* _COLLECTED MATERIAL_
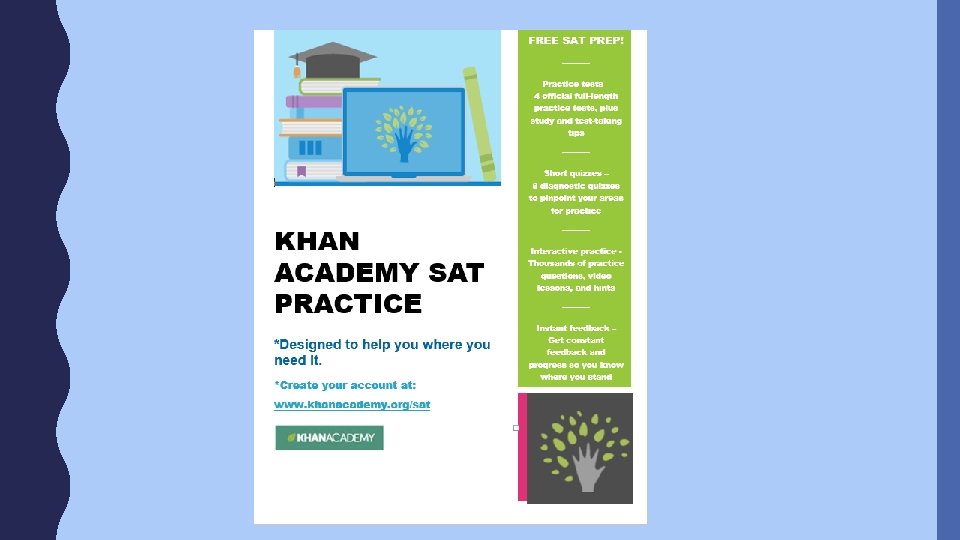 STATE TESTING-MME GR ADU AT ION REQUIRE ME NT AND CO LLEGE ADMISSIONS TEST (SAT) • Tuesday, April 9, 2019 -SAT 7: 40 -1: 30 • Total Score (400 -1600) Evidenced Based Reading and Writing (200 -800), Math (200 -800), and Essay (2 -6) • Scores go on high school transcript per State of Michigan • www. collegeboard. org is best resource for information. Every student should have account. PSAT scores available now. This is how students send future scores. Also has scholarship and career and college exploration tools. • www. khanacademy. org for SAT practice. Can link to College. Board account for individualized free SAT prep. • Bus available at 2: 40 PM.
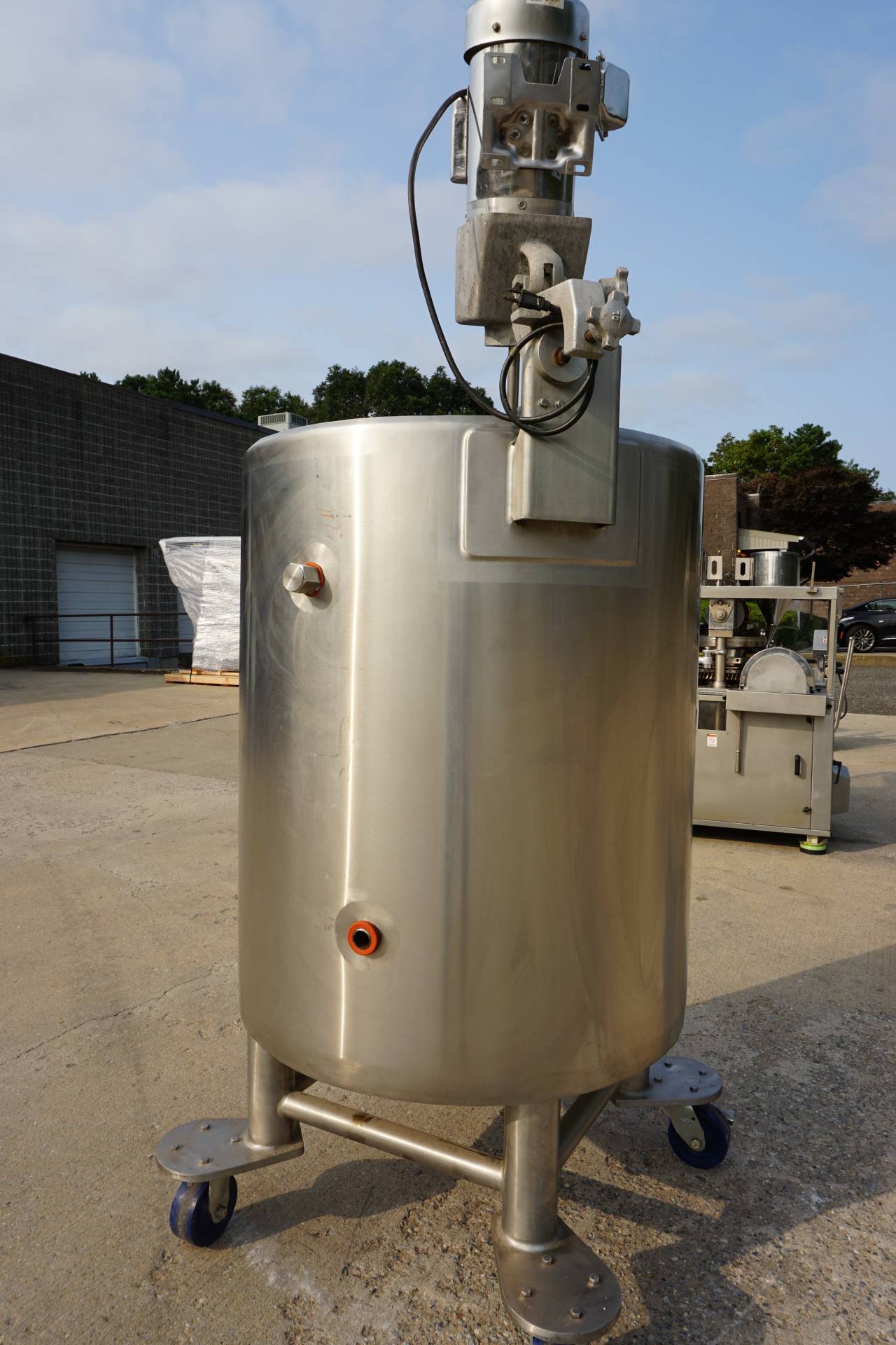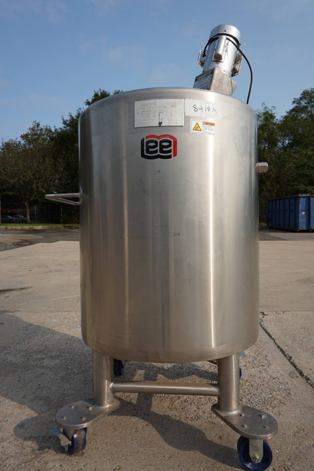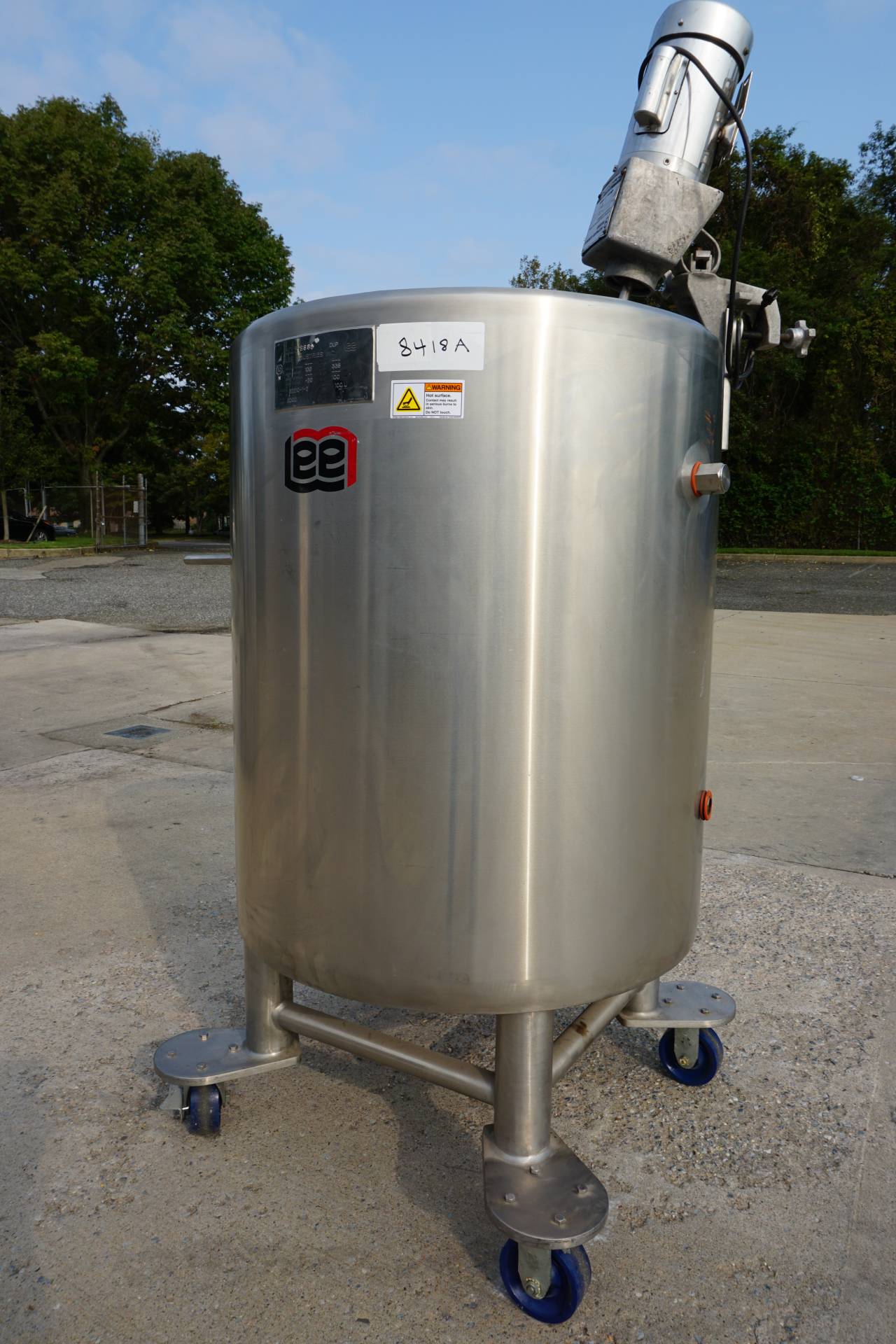 1-Used Lee 100 Gallon Type 316 Stainless Steel Jacketed Mix Tank, S/N 22210-1-2. Interior dimensions 30 In. diameter X 36 In. deep. Jacket rated 100PSI at 338 Deg. F., National Board number 8889, code stamped. Equipped with dished bottom with approx. 2 In. diameter center-bottom outlet with valve, tank is mounted on Stainless steel legs with casters for portability. With “push-bar” for easy transport, Tank has stainless steel agitator mount and clamp-on top entering propeller agitator. Last used in the pharmaceutical industry. (Stock #8418A)
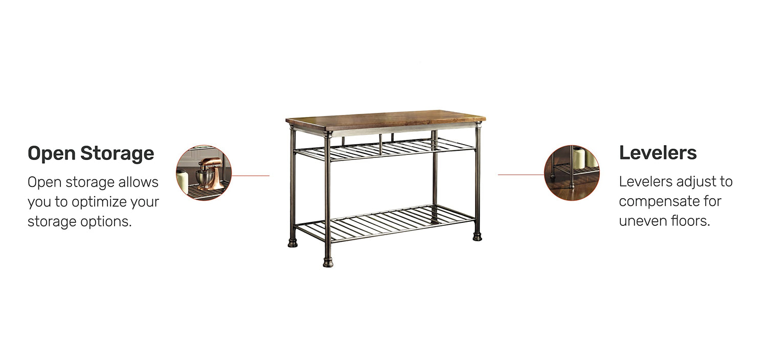 Details: Equal parts industrial and modern, the Homestyles Orleans kitchen island brings everyone together while also keeping everything neatly organized. The upper storage rack is perfect for laying wine bottles on end to protect the cork, while the fixed bottom shelf can hold larger items. The butcher block top can be used as a valuable prep space, or simply as a beautiful way to present a centerpiece.
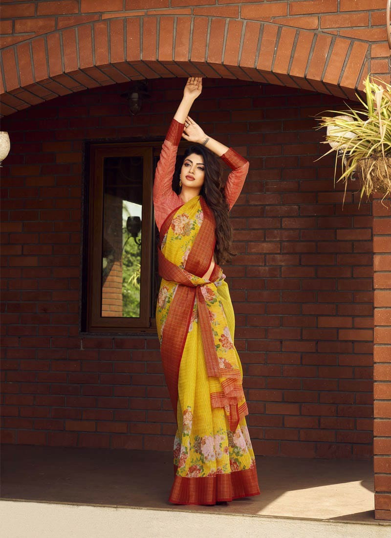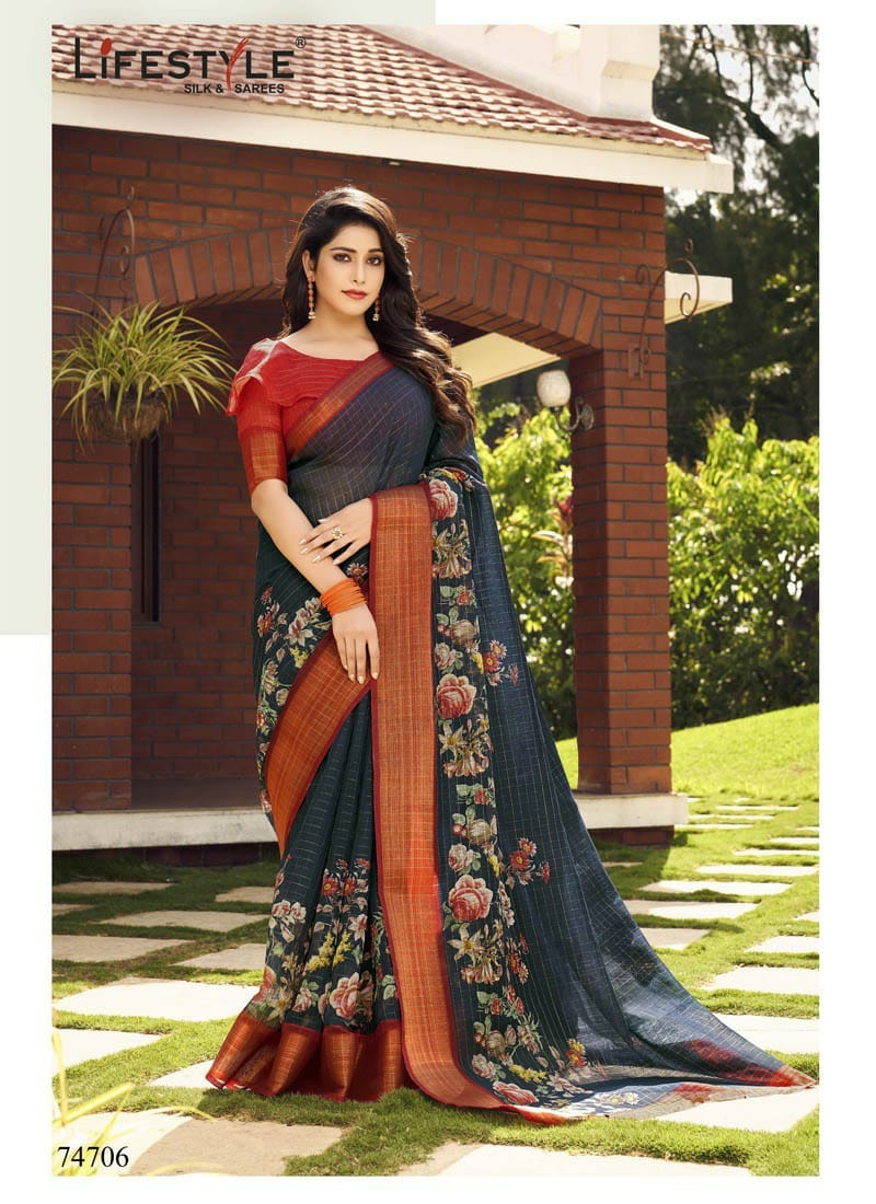 Brand = *LIFESTYLE* Catalog :- *NITYA COTTON* Volume :- 1 Fabric :- *JARICHECKS* Packing :- BOX Ex-mill Price :- *601 per pcs */- Cut/Length :- 6.4 Set to set FANCY JARI CHECKS COTTON PRINTED SAREE PACKING -today |

* _EXERCISE DETAILS_
Could you repeat word for word only the lines from the one that contains "Details: Equal parts" through the end of the listing, leaving out the pictures?

* _SOLUTION TO THIS TASK_
 Details: Equal parts industrial and modern, the Homestyles Orleans kitchen island brings everyone together while also keeping everything neatly organized. The upper storage rack is perfect for laying wine bottles on end to protect the cork, while the fixed bottom shelf can hold larger items. The butcher block top can be used as a valuable prep space, or simply as a beautiful way to present a centerpiece.
 Brand = *LIFESTYLE* Catalog :- *NITYA COTTON* Volume :- 1 Fabric :- *JARICHECKS* Packing :- BOX Ex-mill Price :- *601 per pcs */- Cut/Length :- 6.4 Set to set FANCY JARI CHECKS COTTON PRINTED SAREE PACKING -today |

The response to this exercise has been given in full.